What the task requires: In the records below, find the line that contains "3M報(bào)事貼 654 規(guī)格76*76 黃色 單位:12本/包" and the line that contains "an AEG AUG A3"; write out exactly those two lines and everything between them, without the pictures.

Given records:
Segment Open
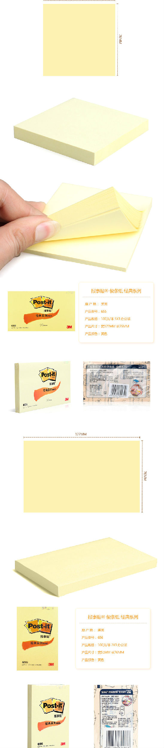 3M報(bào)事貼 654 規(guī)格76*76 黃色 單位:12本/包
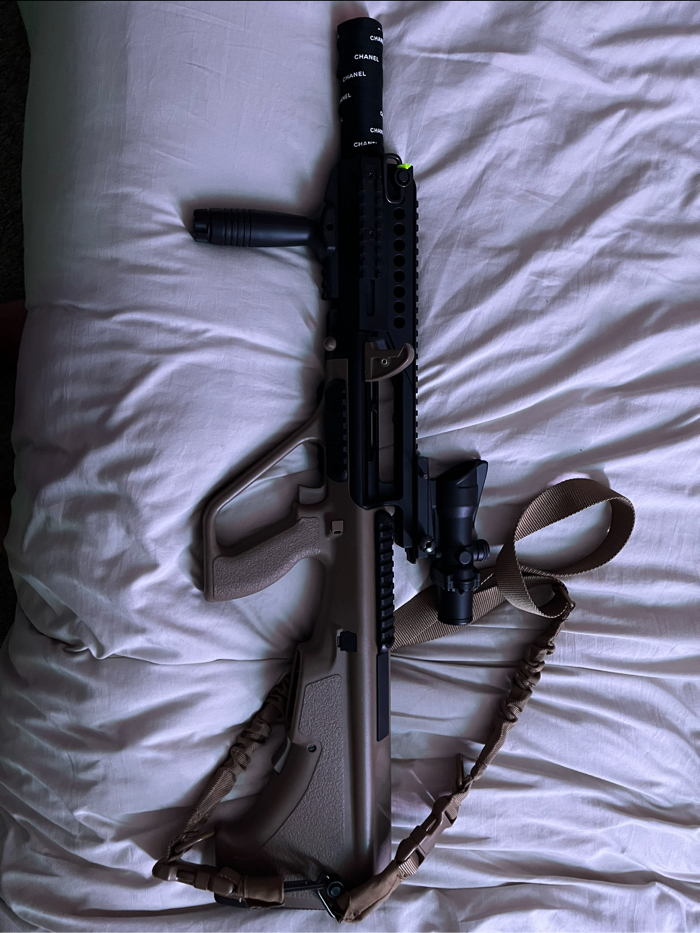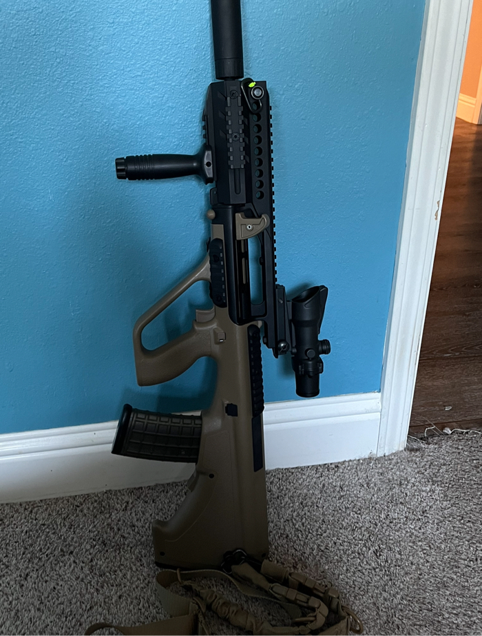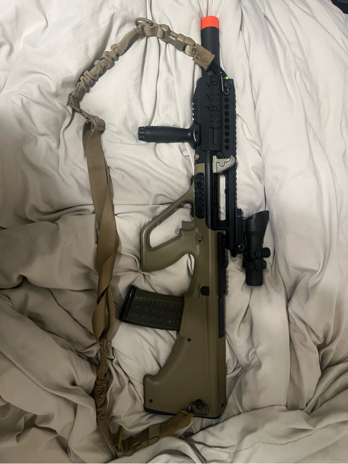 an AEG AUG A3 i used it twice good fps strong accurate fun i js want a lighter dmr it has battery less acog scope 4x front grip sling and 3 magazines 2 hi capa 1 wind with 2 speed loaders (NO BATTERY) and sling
Segment Closed
Segment Open
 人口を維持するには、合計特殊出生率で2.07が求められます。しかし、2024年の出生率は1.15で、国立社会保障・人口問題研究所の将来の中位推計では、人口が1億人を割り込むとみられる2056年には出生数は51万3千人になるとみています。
Segment Closed
Exercise response:
 3M報(bào)事貼 654 規(guī)格76*76 黃色 單位:12本/包
 an AEG AUG A3 i used it twice good fps strong accurate fun i js want a lighter dmr it has battery less acog scope 4x front grip sling and 3 magazines 2 hi capa 1 wind with 2 speed loaders (NO BATTERY) and sling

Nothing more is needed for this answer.